New York-based JPMorgan rivals Bank of America, which already has a branch network in the Philadelphia area, as the two largest U.S. banks. Wells Fargo & Co., TD Bank, PNC, and Citizens are currently the region's dominant deposit banks and lenders, having acquired assets of the former Philadelphia-based banks in the 1900s and 2000s.

JPMorgan employs nearly 10,000 people in the Philadelphia area, mostly at its credit card, consumer lending, information technology, tax shelter, and other offices in northern Delaware. The company already has specialized local offices servicing wealthy clients, home, student, business, and consumer loans like its Philadelphia private-banking office, but has not built an area retail branch network up until now. JPMorgan's predecessor, Chemical Bank, which adopted the Morgan and Chase names after buying those rival institutions, sold most of its former South and Central Jersey branches to PNC in the 1990s.

The JPMorgan Chase Philly push follows an abortive effort to enter the Philly region by Citibank, JPMorgan's New York rival, in the 2000s. After spending millions building 11 branches, at sites including the former Doc's Leisure Time sex aids and pornography shop near the Convention Center and in King of Prussia, North Wilmington, and other neighborhoods, Citi pulled the plug and shut its Philly-area branches in 2013, citing the region's slow growth compared with Boston and other rising markets.

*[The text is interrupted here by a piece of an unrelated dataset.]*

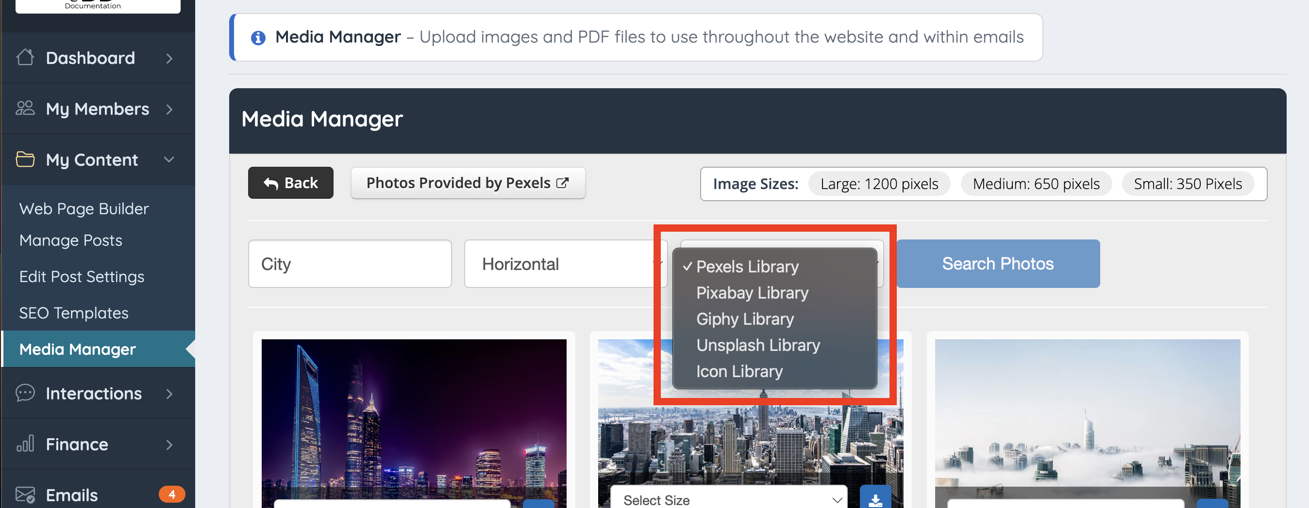 Type in the keyword to search, select the Orientation (square, vertical, horizontal), choose from the dropdown the source (Pixabay, Pexels or Giphy) and click on "Search Photos":
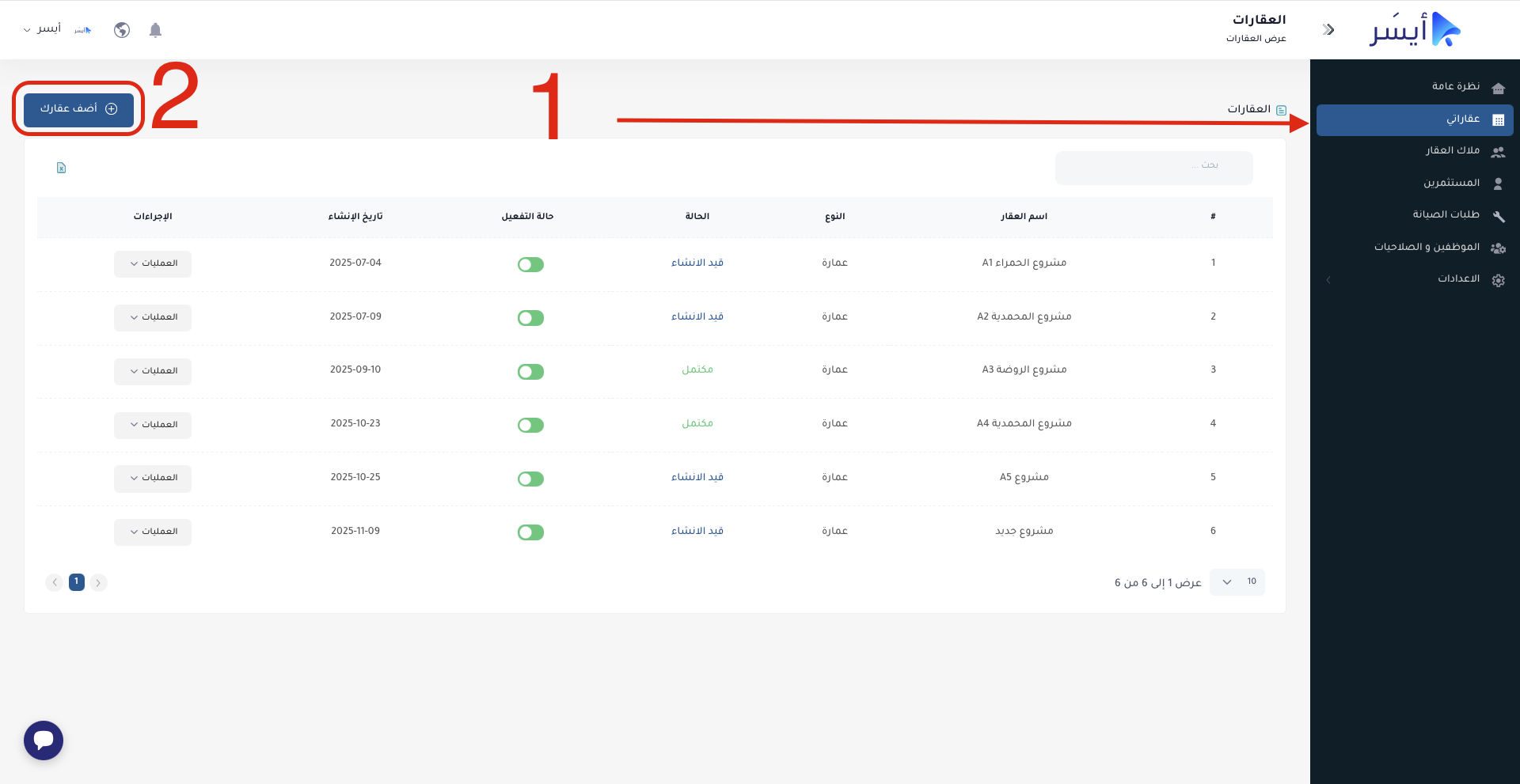 بعد الانتهاء من إعداد الحساب والإعدادات الأساسية، يمكنك الآن إضافة عقارك الأول ليظهر داخل تطبيق العملاء.

Republic Bank of Philadelphia, chaired by Vernon Hill, is among the few U.S. banks opening new branches in the region in recent years. Hill, a Moorestown real estate and retail entrepreneur who founded the former Commerce Bancorp (now part of TD), is also adding branches at his newly profitable MetroBank Plc in England. Hill sees efficiently run bank branches as billboards drawing in new customers, including those who will ultimately bank mostly by smartphone.